Please ignore "All of the connectors try to "... I meant to put in a word or two on this but decided not to over-complicate.

Umm, I see you do use "characterEncoding=UTF-8" but that does not change my opinion, double encoding happens here...

ok, so what would you like me to test then?  I've tried the following above where I do the insert- neither makes a difference:

stmt.executeUpdate("set names utf8");
stmt.executeUpdate("set character_set_results=utf8");

Both will turn off character set results autonegotiation, but my insert still ends up with the incorrect string, i.e. '‰∏ç‰∏ÄÊ†∑ÁöÑÊòüÊúü‰∫î'

Chris, we are currently analyzing possibility that there is a bug here like described.

oh ok sorry, I saw the needs feedback and thought you wanted something else from me.  Thanks Tonci...

Chris, yes there was a request, thanks for being attentive.
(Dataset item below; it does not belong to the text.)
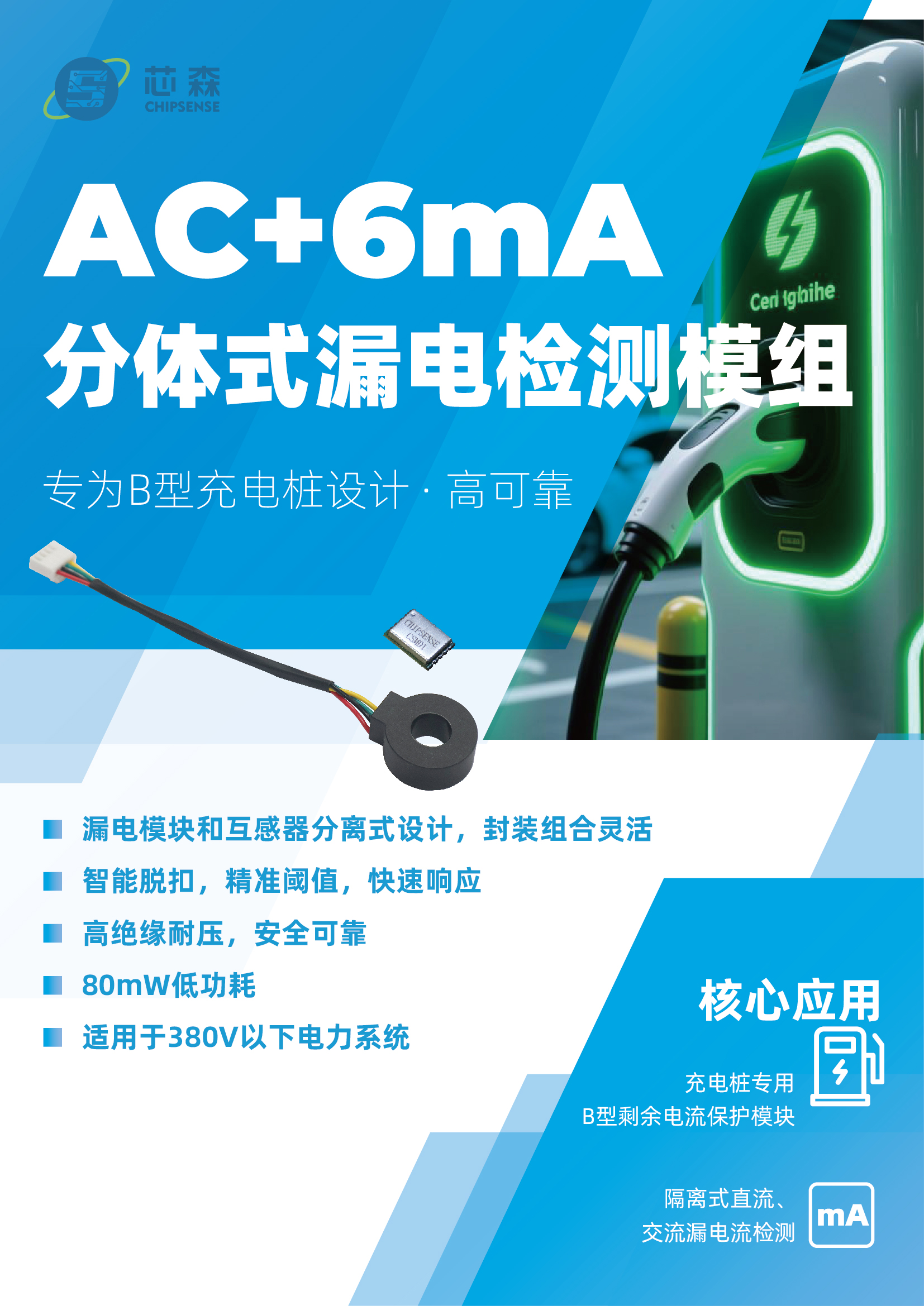 充电桩B型剩余电流检测新方案!芯森电子分体式模组上市:AC/DC + 6mA高精度+隔离检测,灵活适配复杂场景

But for now, we would first like to check this problem from three different angles that could have caused it.

Many thanks for writing a bug report.

Unfortunately, this is not a bug. At the moment MySQL server don't support 4-byte UTF8. This is planned for MySQL 6.x version.

Additionally, Windows has a problem with displaying UTF8. Seems you run into this too.